[TASK BRIEF]
A verbatim copy of the listing is what is needed, minus any pictures.

[GIVEN DATA]
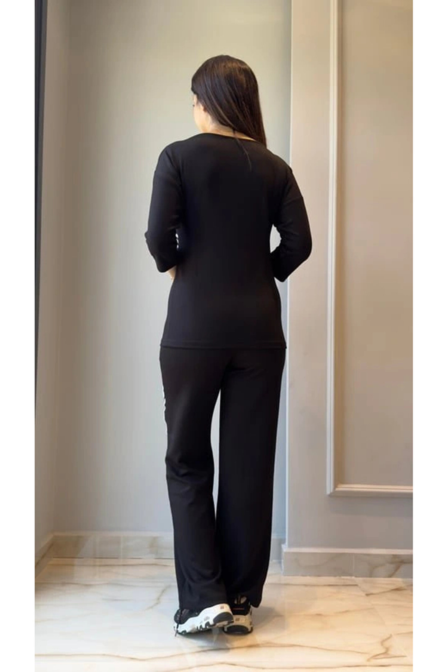 Kadın Uzun Kollu Truvakar Kol Tek Omuz çapraz şerit Detaylı Ribanalı Viskon Iki Iplik Bluz Ve Pantolon Ikili Takım
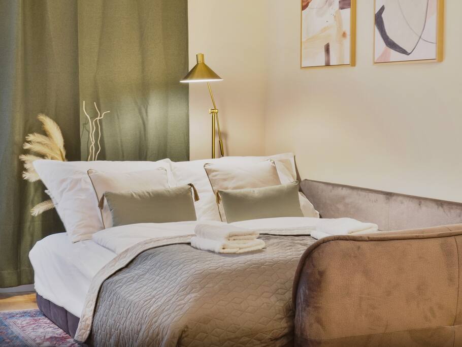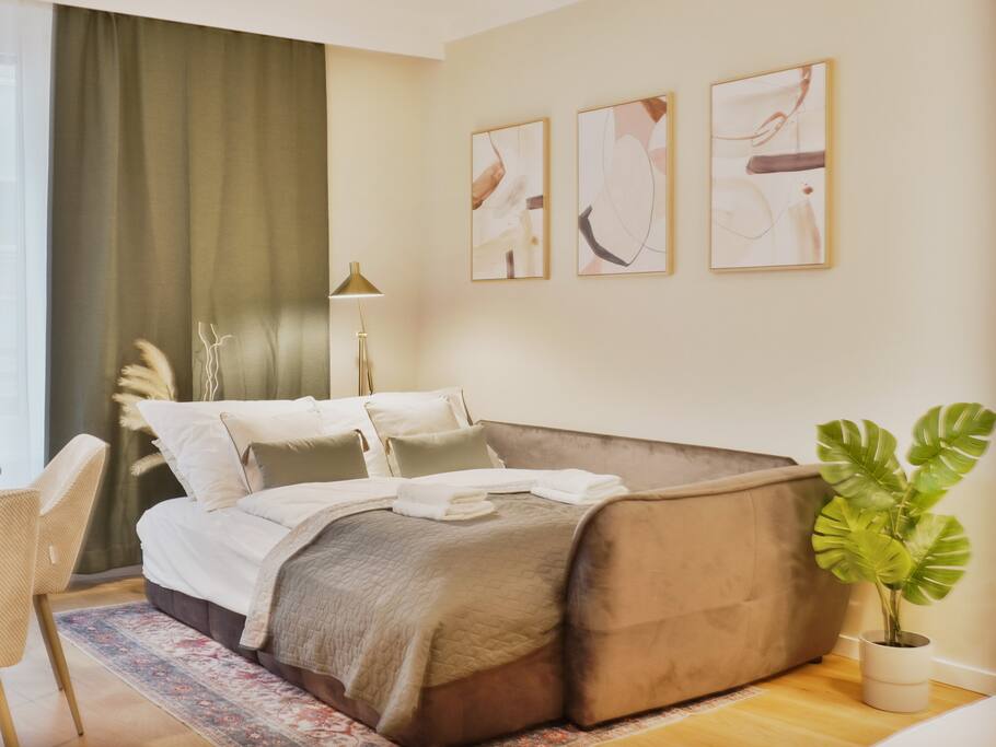 Willkommen in den Stephansplatz Imperial Suite – Ihrem modernen Zuhause im Herzen Wiens. Nur wenige Schritte vom Stephansdom entfernt bietet das etwa 90 m² große Apartment Platz für bis zu 6 Gäste. Zwei Schlafzimmer, ein Wohnzimmer mit Schlafsofa, voll ausgestattete Küche, Waschmaschine und 65" UHD-TV sorgen für Komfort. WLAN, Bettwäsche, Handtücher, Kaffee & Tee sind inklusive. U-Bahn, Restaurants und Sehenswürdigkeiten liegen direkt vor der Tür.
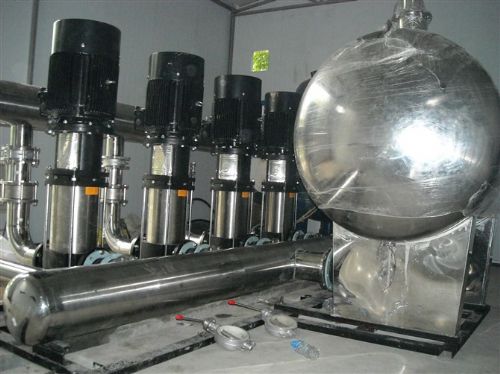 基本工作原理是根据用户用水量变化自动调节运行水泵台数或一台水泵转速,使水泵出口压力保持恒定。当用户用水量小于一台水泵出水量时,系统根据用水量变化有一台水泵变频调速运行,当用水量增加时管道系统内压力下降,这时压力传感器把检测到的信号传送给微机控制单元,通过微机运行判断,发出指令到变频器,控制水泵电机,使转速加快以保证系统压力恒定,反之当用水量减少时,使水泵转速减慢,以保持恒压。当用水量大于一台泵出水时,*一台泵切换到工频运行,第二台泵开始变频调速运行,当用水量大于两台泵出水量时,能自动停止一台或二台泵运行。在整个运行过程中,始终保持系统恒压不变,使水泵始终工作在高效能区,既保证用户恒压供水,又节省电能。

[WRITTEN RESPONSE]
 Kadın Uzun Kollu Truvakar Kol Tek Omuz çapraz şerit Detaylı Ribanalı Viskon Iki Iplik Bluz Ve Pantolon Ikili Takım
 Willkommen in den Stephansplatz Imperial Suite – Ihrem modernen Zuhause im Herzen Wiens. Nur wenige Schritte vom Stephansdom entfernt bietet das etwa 90 m² große Apartment Platz für bis zu 6 Gäste. Zwei Schlafzimmer, ein Wohnzimmer mit Schlafsofa, voll ausgestattete Küche, Waschmaschine und 65" UHD-TV sorgen für Komfort. WLAN, Bettwäsche, Handtücher, Kaffee & Tee sind inklusive. U-Bahn, Restaurants und Sehenswürdigkeiten liegen direkt vor der Tür.
 基本工作原理是根据用户用水量变化自动调节运行水泵台数或一台水泵转速,使水泵出口压力保持恒定。当用户用水量小于一台水泵出水量时,系统根据用水量变化有一台水泵变频调速运行,当用水量增加时管道系统内压力下降,这时压力传感器把检测到的信号传送给微机控制单元,通过微机运行判断,发出指令到变频器,控制水泵电机,使转速加快以保证系统压力恒定,反之当用水量减少时,使水泵转速减慢,以保持恒压。当用水量大于一台泵出水时,*一台泵切换到工频运行,第二台泵开始变频调速运行,当用水量大于两台泵出水量时,能自动停止一台或二台泵运行。在整个运行过程中,始终保持系统恒压不变,使水泵始终工作在高效能区,既保证用户恒压供水,又节省电能。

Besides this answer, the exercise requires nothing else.